I changed the embedding layer specified according to the assignment that also caused the invalid argument error.

please check your inbox once.

input_dim of the Embedding layer should correspond to the number of words in the vocabulary. Please look at the function argument to figure this out instead of making it 1000 manually.

yes right I used the number of words in vocabulary and I got the accuracy but then in the next section by output was not matching with expected out.

What do you mean by?

1 Like

if I changed to num_words to number of words in of vocabulary I got this issue, so I went back to changing num_words to 1000 that is when I keep getting all these errors, so getting confused.

Vocabulary size is determined by the tokenizer that encodes words as integers. For this assignment, don’t set this value to 1000 but rely on the correct function parameter to create_model.

In your personal projects, setting num_words parameter of Tokenizer is the right way to restrict the vocabulary.

if I do not use num word as 1000 then my next section after the model training does not match with the expected output.

Balaji I used num_word 1000 only and I cleared the model.
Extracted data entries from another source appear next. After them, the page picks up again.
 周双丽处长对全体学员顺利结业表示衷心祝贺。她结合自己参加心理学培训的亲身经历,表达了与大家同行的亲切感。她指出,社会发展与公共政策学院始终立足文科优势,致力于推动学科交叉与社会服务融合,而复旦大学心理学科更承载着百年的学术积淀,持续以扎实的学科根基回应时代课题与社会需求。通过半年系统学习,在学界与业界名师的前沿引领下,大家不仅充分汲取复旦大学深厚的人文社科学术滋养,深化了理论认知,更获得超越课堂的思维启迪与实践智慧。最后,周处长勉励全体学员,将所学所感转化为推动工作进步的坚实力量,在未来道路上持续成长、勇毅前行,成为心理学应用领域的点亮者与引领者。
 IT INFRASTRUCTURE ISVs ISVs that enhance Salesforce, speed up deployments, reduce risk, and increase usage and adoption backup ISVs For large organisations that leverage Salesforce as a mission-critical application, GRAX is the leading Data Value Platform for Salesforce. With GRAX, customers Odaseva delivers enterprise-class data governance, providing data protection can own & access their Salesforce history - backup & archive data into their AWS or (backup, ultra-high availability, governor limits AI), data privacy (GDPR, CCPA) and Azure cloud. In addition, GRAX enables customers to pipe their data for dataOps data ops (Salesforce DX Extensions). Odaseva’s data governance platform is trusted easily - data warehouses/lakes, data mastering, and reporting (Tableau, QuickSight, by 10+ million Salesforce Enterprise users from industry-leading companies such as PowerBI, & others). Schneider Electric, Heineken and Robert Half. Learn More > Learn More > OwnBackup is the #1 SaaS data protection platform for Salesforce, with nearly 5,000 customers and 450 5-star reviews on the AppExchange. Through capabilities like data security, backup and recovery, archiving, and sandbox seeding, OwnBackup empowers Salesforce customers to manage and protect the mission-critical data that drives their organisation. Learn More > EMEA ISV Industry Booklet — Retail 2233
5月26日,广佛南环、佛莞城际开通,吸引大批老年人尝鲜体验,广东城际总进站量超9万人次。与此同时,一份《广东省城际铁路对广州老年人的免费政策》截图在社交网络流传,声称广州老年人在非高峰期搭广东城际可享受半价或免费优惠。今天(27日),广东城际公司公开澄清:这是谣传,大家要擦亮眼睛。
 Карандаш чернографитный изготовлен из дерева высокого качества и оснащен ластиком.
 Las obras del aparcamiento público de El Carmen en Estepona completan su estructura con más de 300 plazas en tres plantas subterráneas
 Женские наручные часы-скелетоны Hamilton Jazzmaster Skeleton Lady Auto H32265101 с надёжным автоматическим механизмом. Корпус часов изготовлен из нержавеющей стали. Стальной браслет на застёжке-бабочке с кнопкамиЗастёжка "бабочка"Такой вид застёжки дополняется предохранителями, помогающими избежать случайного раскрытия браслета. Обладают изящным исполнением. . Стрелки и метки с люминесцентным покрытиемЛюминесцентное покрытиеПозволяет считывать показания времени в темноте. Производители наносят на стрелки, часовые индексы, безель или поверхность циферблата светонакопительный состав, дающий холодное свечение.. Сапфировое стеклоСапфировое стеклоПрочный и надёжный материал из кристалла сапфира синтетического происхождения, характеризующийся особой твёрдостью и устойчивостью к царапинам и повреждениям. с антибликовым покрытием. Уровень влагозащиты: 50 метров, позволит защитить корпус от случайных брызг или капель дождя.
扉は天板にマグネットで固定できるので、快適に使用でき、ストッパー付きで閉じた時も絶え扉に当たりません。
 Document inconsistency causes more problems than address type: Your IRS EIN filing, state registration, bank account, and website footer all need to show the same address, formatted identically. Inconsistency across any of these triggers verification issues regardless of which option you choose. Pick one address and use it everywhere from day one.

at the beginning of the assignment it is mentioned to use num words 1000. I was doing a mistake in noticing one. I needed to have training accuracy of 95 and validation 90% which I was getting. but I thought like previous week accuracy I needed to get 99% training accuracy and 95% accuracy for validation.

I cleared the assignment grade too.

Congrats. As mentioned before, don’t hardcode values but rely on the function parameter and tokenizer state. It’s possible for the grader to use a different configuration than the one shared in the starter code.

I am having a similar error. I have checked my code over and over again and I cant find what’s wrong. It now stops processing when I reach this cell

grader-required-cell

Test your function

train_label_seq = tokenize_labels(labels, train_labels)
val_label_seq = tokenize_labels(labels, val_labels)

I have ran it with the same code and have not received the error message shared in the original post , and it hasn’t stopped running. No issues with connectivity my GPU or any other factors I have deleted and restarted the notebook multiple times. If you could not respond by commenting this is due to a lack of knowledge I should have when starting this paper, I am on the third stage of the accreditation, I am well versed in python and ruby and have completed a previous tensorflow keras course including NLP.